O dia estava quente e com pouco vento. A vegentação por aqui começa a mudar. Me parece um pouco mais árido e o verde já não tem tanta força. Pazardzik foi a próxima cidade que cruzei, com várias industrias. De lá para Plovdiv uns 30 Km de uma monótona reta foram palcos para muitas reflexões, viagens dentro da viagem.


A chegada em Plovdiv foi por volta das 5 da tarde. Eu nada saia sobre a cidade, mas confesso que fiquei encantado com ela. Quanta história ela já viveu.

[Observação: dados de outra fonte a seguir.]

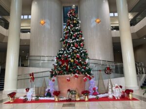 2025年11月26日(水) ブログ < お知らせ クリスマスツリー✨ 入居者様にクリスマスの雰囲気を味わってもらいたいと、今年もヴィラノーヴァ大谷エントランスに、大きな大きなクリスマスツリーが設置されました。職員みんなで頑張って完成させましたよ!! とってもキレイですね(*^▽^*)

É uma das cidades mais antigas do mundo. Seu nome mudou várias vezes. Foi Evmolpia na época dos Trácios (480 A.C), Já foi Philipopólis (342 A.C.), Trimontium para os Romanos por volta do ano 72 e Filibe para os Turcos entre 1364 e 1878.


A cidade antiga guarda as maiores atrações de Plovdiv. Mesquitas do período Otomano, um Estádio Romano debaixo do centro da cidade, que tinha dimensões para receber 30 mil pessoas pode ser visto parcialmente na principal rua de pedestres da cidade.


Talvez o maior tesouro seja o anfiteatro romano descoberto nos anos 80. Esse teatro tem espaço para 7 mil pessoas. Eu ficaria por aqui mais algum tempo para explorar toda a cidade. Essa parte antiga da cidade me lembrou muito uma área de Atenas chamada Plaka. Ruas de pedra e uma arquitetura comum à ateniense eu encontrei em vários lugares.


Essas imagens me levaram de volta à Atenas, cidade que foi um marco na minha vida. Foi na minha primeira viagem à Atenas em 1996 que comecei uma grande mudança pessoal. Dexei de ser um homem da área de Exatas e comecei uma migração para a área de Humanas.


História e geografia eu sempre gostei. Mas aquela visita foi muito mais do que um passeio. Pisar na mesma pedra que Platão discursava na Ágora ateniense, tocar no mármore do Partenon, Olhar para o estreito de Salamina e relembrar da batalha naval que mudou a guerra contra os Persas e tantas outras experiências que me tranportaram por milhares anos de história mexeram comigo.


Comprei um livro de mitologia grega que devorei no vôo de volta ao Brasil.A partir dali comecei a devorar livros de mitologia e a partir dela me aproximar da área de humanas através das artes e da influência da mitologia no mundo e nas diversas áreas do conhecimento humano. O resultado disso foram os cinco livros de mitologia para crianças que escrevi entre 1999 e 2000, além de um outro livro, para adultos, que ainda não publiquei. Acho que me empolguei com as memórias de Atenas.


Mas na verdade, elas são importantes, pois hoje eu estou pedalando nessa viagem como uma consequência da minha decisão de mudar a vida que tinha. E tudo começou em Atenas.